Although the licensee determined the new coolers would not be susceptible to plugging with lake grass like the original coolers, the inspectors noted that neither the design description in the modification package nor 10 CFR 50.59 evaluation discussed the potential for fouling of the flapper in the sight glasses downstream of the coolers. These sight glasses with flappers were installed in the return lines for many of the service water cooled components, including the safety injection pump lube oil coolers and stuffing boxes, to provide operators with a qualitative indication of flow through the components. Prior to the installation of the modification, the inspectors noted some accumulation of lake grass on one flapper in the system, which at that time did not appear to adversely affect flow through the piping. However, since the original coolers effectively acted like filters for the system by collecting lake grass and those coolers were now removed from the system, there would be more lake grass passing through the sight glasses, increasing the potential for lake grass accumulation on the flapper and blocking service water flow in the return lines. Although this issue should have been addressed in the appropriate design documents, the licensee indicated that based on previous experience with the sight glasses, the likelihood of substantial fouling without it being identified was minimal. Operators were required to monitor flow through the coolers by looking through the sight glasses four times a day, such that if the sight glasses were plugging with lake grass, the condition should be identified by the operators on their normal rounds prior to any significant flow blockage. The licensee initiated condition report CAP 019866 to address the incomplete documentation.
Due to the higher heat removal capacity of the new coolers, the licensee identified a concern with the viscosity of the organic lube oil used since it would have to function at a lower temperature. This led the licensee to use a synthetic oil with better viscosity properties at lower temperatures. The use of a synthetic oil, however, also will require the replacement of a number of elastomer seals on the pump which are not compatible with the new oil.
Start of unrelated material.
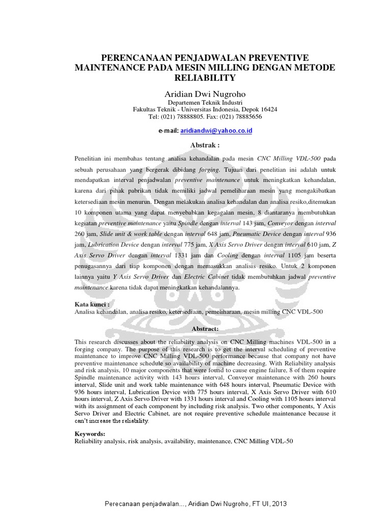 View Penjadwalan Maintenace Mesin Cnc Milling Menggunakan Metode

These issues were appropriately addressed by the licensee in the design change.
The inspectors questioned the methodology used to qualify the new heat exchangers.
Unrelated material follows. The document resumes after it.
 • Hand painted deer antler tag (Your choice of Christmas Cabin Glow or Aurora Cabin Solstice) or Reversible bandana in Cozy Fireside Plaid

The heat exchangers were qualified using the Seismic Qualification Utility Group (SQUG) Generic Implementation Procedure (GIP) methodology. However, the Updated Final Safety Analysis Report (UFSAR) Section 4.8 and plant procedure NEP 15.32, "Seismic Design and Analysis of Modified, New, and Replacement Equipment and Parts/Sub-components Using the GIP Methodology," Revision 0, did not allow use of this methodology for new heat exchangers. The licensee initiated condition report CAP 019725 to address this concern. Based on the licensees subsequent review, it was verified that the NRC has accepted the use of the GIP methodology for heat exchangers. As a result, the licensee initiated a temporary change to NEP 15.32 and will update the UFSAR to allow the use of this methodology.
The licensees testing and analysis performed on the replacement coolers verified that the coolers would have sufficient flow rates to prevent debris, such as silt and sand from settling out in the tube (3 feet-per-second minimum flow rate) under both normal and design basis conditions. The guidance for the velocity of water through a heat exchanger tube was obtained from NUREG/CR-5210, "Technical Findings Document for Generic Issue 51: Improving the Reliability of Open-Cycle Service-Water Systems,"
August 1988. During testing, service water flow rates through the cooler were approximately 4.4 gpm as measured by a temporarily installed ultrasonic flow meter.
Based on these flow rates and the lack of obstructions to catch lake grass, there should not be a concern with plugging of the single tube in the heat exchanger.
The licensee was unable to demonstrate that the new heat exchanger would perform its design function of removing heat from the safety injection pump lube oil over the entire range of lake water temperatures for which the plant was licensed (32EF to 80EF). The calculations performed by the cooler vendor predicted a heat transfer coefficient for the cooler of 60 Btu/hr-ft2-EF. The testing of the cooler conducted by the licensee with a service water temperature of about 35EF and subsequent analysis, showed an effective heat transfer coefficient for the cooler of 15 Btu/hr-ft2-EF. The factor of four difference between predicted and demonstrated performance was not readily explained. The licensee believed it was likely due to the large difference in oil viscosity between the predicted conditions in the vendors calculation and those observed during the test. The licensee performed operability determination OBD 000066 and established a conservative administrative limit for service water temperature of 55.5EF to ensure that the coolers would remove the required heat load.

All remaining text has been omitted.